Northeastern Section - 47th Annual Meeting (18–20 March 2012)

Paper No. 10
Presentation Time: 8:00 AM-12:00 PM

GROUNDWATER AVAILABILITY IN SURFICIAL AND BEDROCK UNITS IN THE PLAINFIELD QUADRANGLE, NORTH-CENTRAL VERMONT


SPRINGSTON, George E., Earth and Environmental Sciences, Norwich University, 158 Harmon Drive, Northfield, VT 05663, KIM, Jonathan J., Vermont Geological Survey, 103 South Main Street, Waterbury, VT 05671-2420 and DALY, R. Nicholas, Department of Geology, Middlebury College, Middlebury, VT 05753, gsprings@norwich.edu

Bedrock and surficial mapping is integrated with well logs and borings to evaluate the availability of groundwater. Water from 20 bedrock wells has been analyzed for major and trace elements.

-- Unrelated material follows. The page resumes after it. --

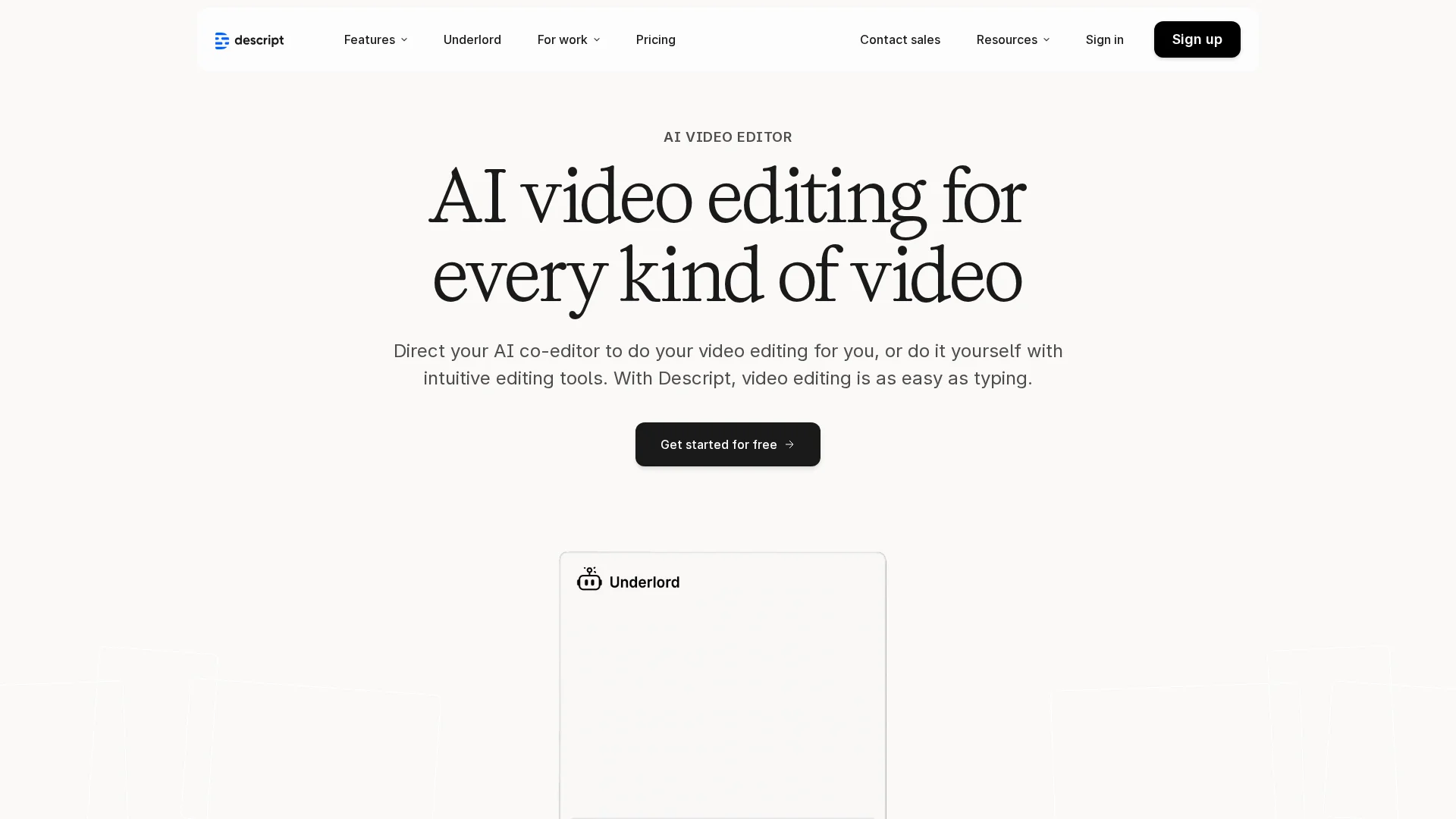 About Underlord By Descript : Underlord is a comprehensive AI video and podcast editor from Descript, designed to simplify editing processes for creators and teams. The platform offers transcription, editing, and publishing capabilities in one tool, with free trials available and powerful upgrades for creators. With its ease of use and robust features, Underlord is an ideal solution for those looking to streamline their content creation workflow. Noneurl: None

Thick surficial deposits occur in the valley bottoms of the Winooski River (WR), Kingsbury Branch (KB), and Nasmith Brook. Uplands are underlain by dense till, with abundant bedrock outcrops on the hilltops. Lake deposits are widespread in the valleys in the quadrangle. Most appear to have formed in glacial Lake Winooski (GLW), which had a present-day shoreline elevation of about 294 m at Plainfield village.

Surficial deposits in the WR valley are commonly >30 m thick and consist of a sequence of stream deposits overlying the GLW deposits, which, in turn, overly bedrock, till, or ice-contact sand and gravel. Surface and subsurface data suggest that the gravel and sand below the lake deposits may be discontinuous esker deposits. This buried sand and gravel may have significant aquifer potential. A thick gravel deposit located 0.1 km east of the confluence of the KB and the WR may be a northern extension of the WR esker deposits. However, no other indication of coarse-grained deposits is seen in the KB valley south of East Calais village in the N part of the area, where there are again thick buried gravels.

The buried paleochannel in the Nasmith Brook valley is roughly parallel to the present Nasmith Brook and was a tributary of the paleo-Winooski. It is buried under >80 m of sediment, with sandy till at the surface and stratified sand and gravel below.

Bedrock lithologies consist of interlayered phyllites and impure marbles (Waits River Fm), interstratified phyllites and phyllitic quartzites (Gile Mt Fm), and granites of the New Hampshire Series. The dominant foliation in the metasedimentary rocks strikes NNE and dips moderately westward whereas the most abundant fracture attitude trends ~E-W and dips steeply. Secondary porosity can be associated with marble beds and/or ductile or brittle structures.

Significant groundwater resources appear to exist in buried ice-contact deposits below GLW deposits in the main WR valley and at least parts of the KB valley, in buried ice-contact deposits below till in the Nasmith Brook valley, in bedrock where thick surficial deposits overlie bedrock, and in bedrock areas with significant secondary porosity.